▶ PROBLEM:
The answer must be an exact copy of the lines from the one with "In a pot,add" through the final line of the records below, with no pictures.

▶ SUPPLIED RECORDS:
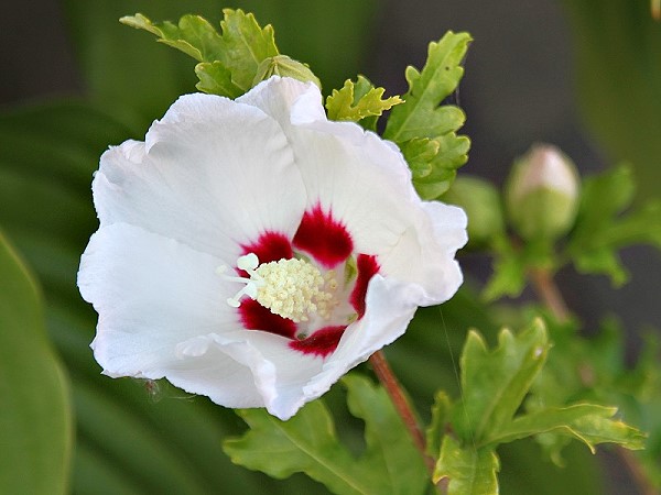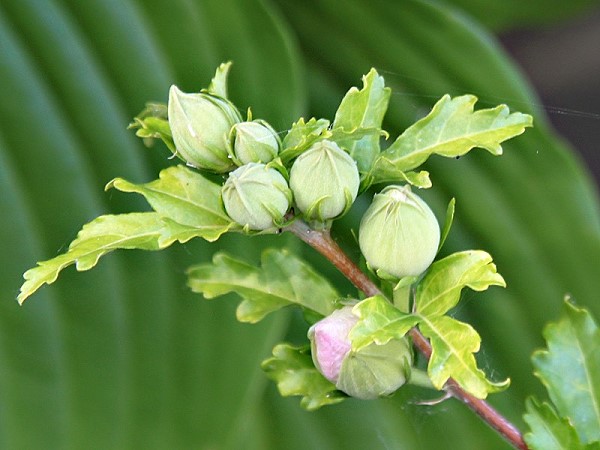 | Ich habe sie voriges Jahr aus dem Abfall bei der Tafel gefischt, eingepflanzt und über Winter einfach draußen gelassen. Und jetzt... ich bin begeistert und überrascht. Wie sie heißt, wusste ich nicht genau aber meine Facebook Freundin Janet hat mich aufgeklärt. Das ist der "Garteneibisch" (Hibiscus syriacus). |
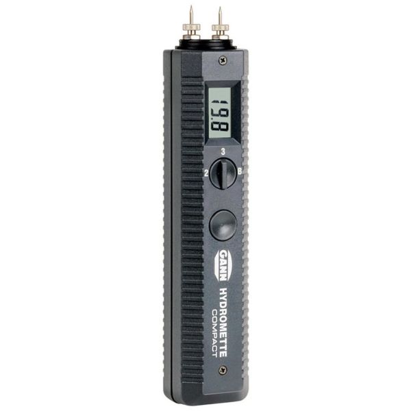Gann Hydromette Compact är en fuktmätare som mäter fuktigheten i virke, panel, foder, fönster och dörrar. Fuktmätaren är utrustad med en knapp för val av två olika kalibreringar till trä och kan användas till grupp 2 och 3 på standardlistan över träsorter. För att få en så noggrann avläsning som möjligt bör mätningen ske vid en trätemperatur på 20°C. Med knappen i position B är det även möjligt att mäta fuktigheten i gips. Hydromette Compact har mätområde från 5 till 20% i trä och från 0,3 till 3,5% i gips. Mätaren är utrustad med en elektronisk justering, som gör manuell kalibrering eller justering onödig.
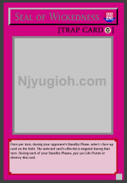 Seal of Wickedness Continuous Trap Once per turn, during your opponent's Standby Phase, select 1 face-up card on the field. The selected card's effect(s) is negated during that turn. During each of your Standby Phases, pay 500 Life Points or destroy this card. RARE |
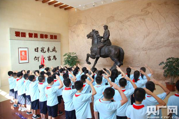 9月3日是纪念中国人民抗日战争胜利暨世界反法西斯战争胜利75周年的日子。当天上午,浙江台州市路桥区横街镇中心小学的50多名5年级学生来到浙江省爱国主义教育基地——陈安宝烈士纪念馆缅怀烈士,并聆听百岁抗战老兵讲述抗战故事。
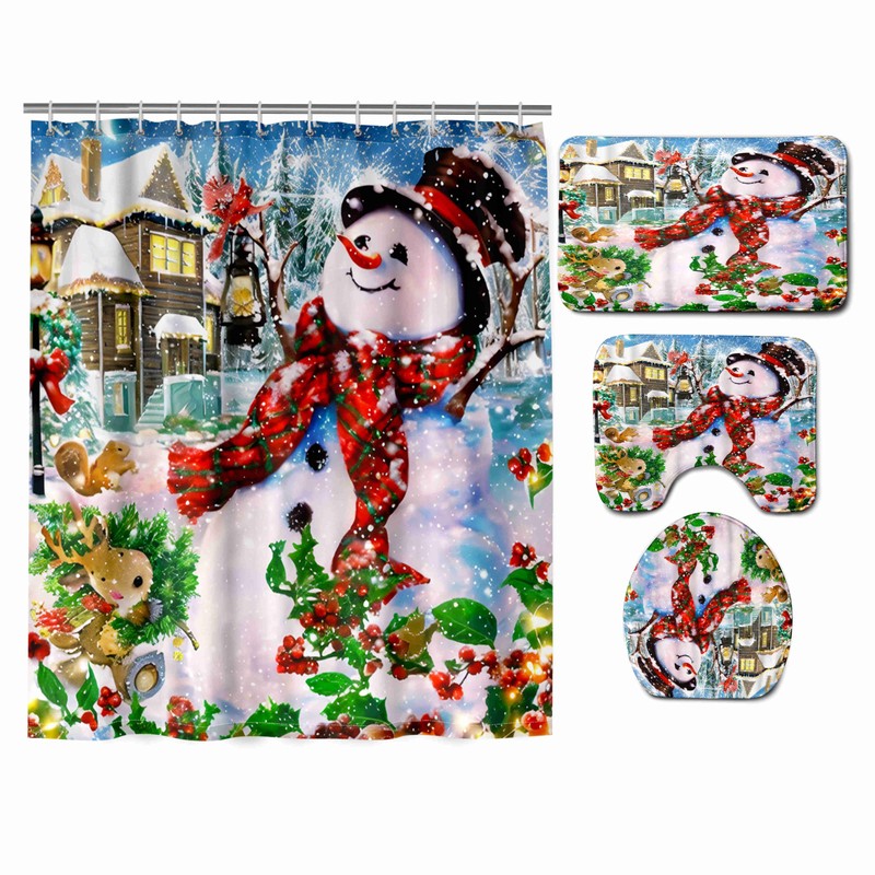 4 Pcs Winter Merry Christmas Shower Curtain Sets with Rugs Snowman Bathroom Set Home Bath Bathtub Decor Xmas Tree Durable Curtains Mats for Bathroom 72 x 72 Inch
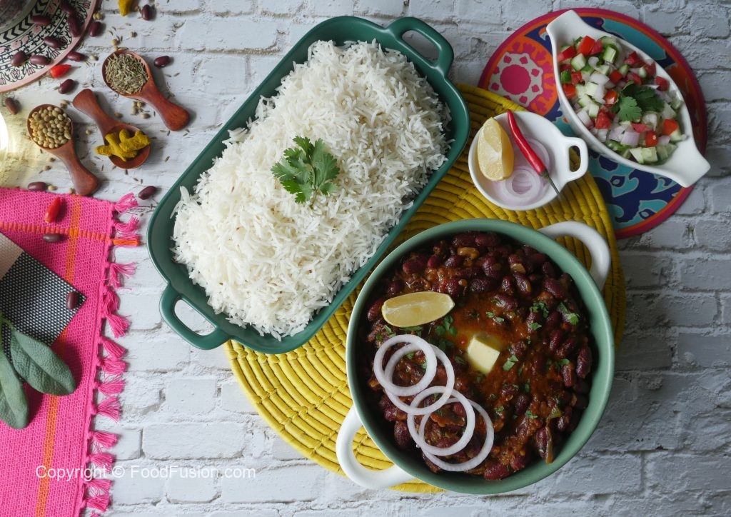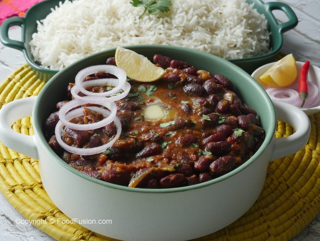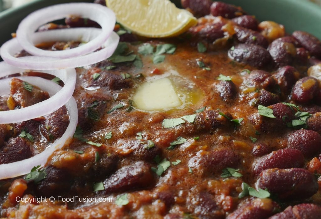 In a pot,add red kidney beans,water,salt & mix well & bring it to boil and remove scum,cover & cook on medium flame until tender (approx. 45-50 minutes) then cook on high flame approx. ½ cup water is left & set aside.
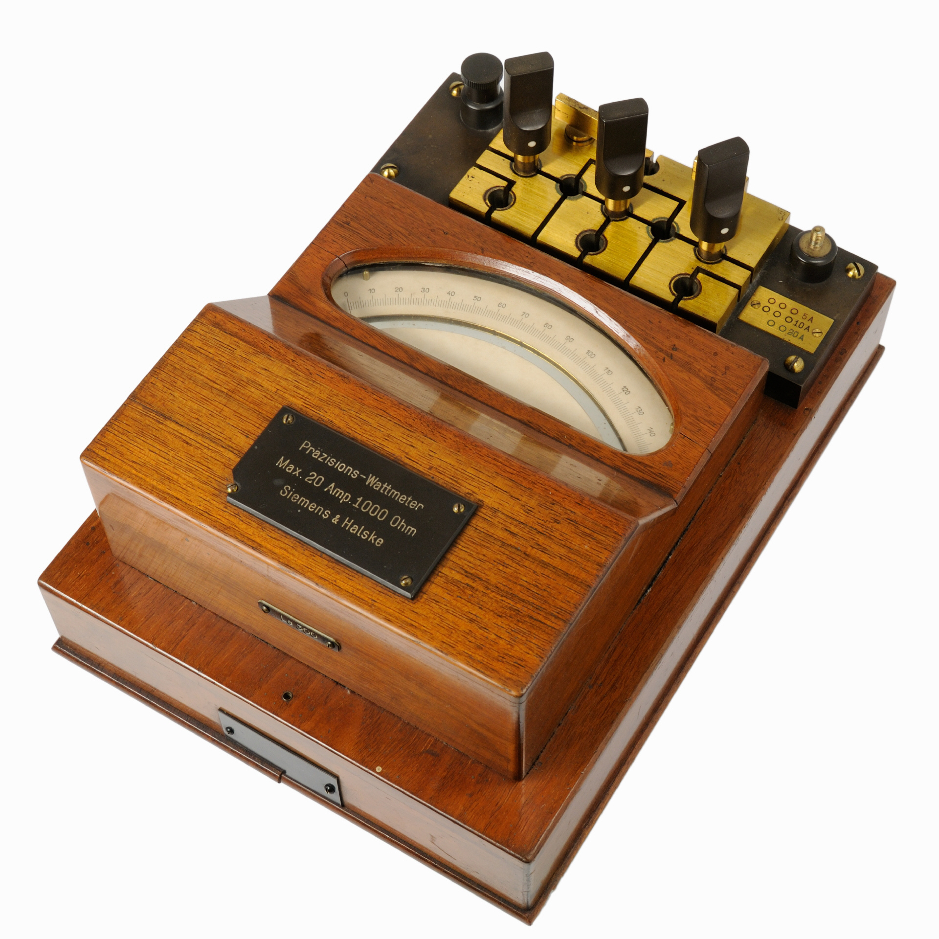 Seriennummer auf der Stirnseite "1385935", geschraubt. Auf der Oberseite ist eine Plakette mit der Aufschrift "Präzisions-Wattmeter / Max 20 Amp / SIEMENS & HALSKE". |
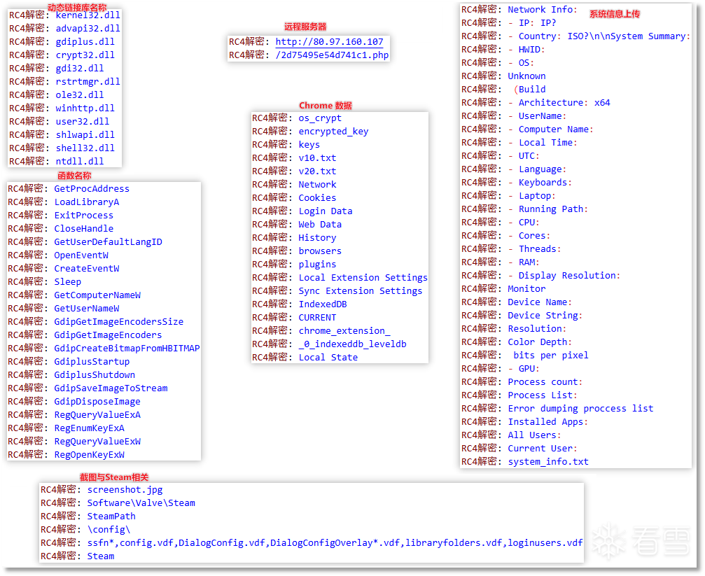 窃密相关:例如 Chrome 数据相关的 History、Login Data,Steam 数据相关的 SteamPath、config.vdf、ssfn* 等字符串。

▶ RESPONSE BELOW:
 In a pot,add red kidney beans,water,salt & mix well & bring it to boil and remove scum,cover & cook on medium flame until tender (approx. 45-50 minutes) then cook on high flame approx. ½ cup water is left & set aside.
 Seriennummer auf der Stirnseite "1385935", geschraubt. Auf der Oberseite ist eine Plakette mit der Aufschrift "Präzisions-Wattmeter / Max 20 Amp / SIEMENS & HALSKE". |
 窃密相关:例如 Chrome 数据相关的 History、Login Data,Steam 数据相关的 SteamPath、config.vdf、ssfn* 等字符串。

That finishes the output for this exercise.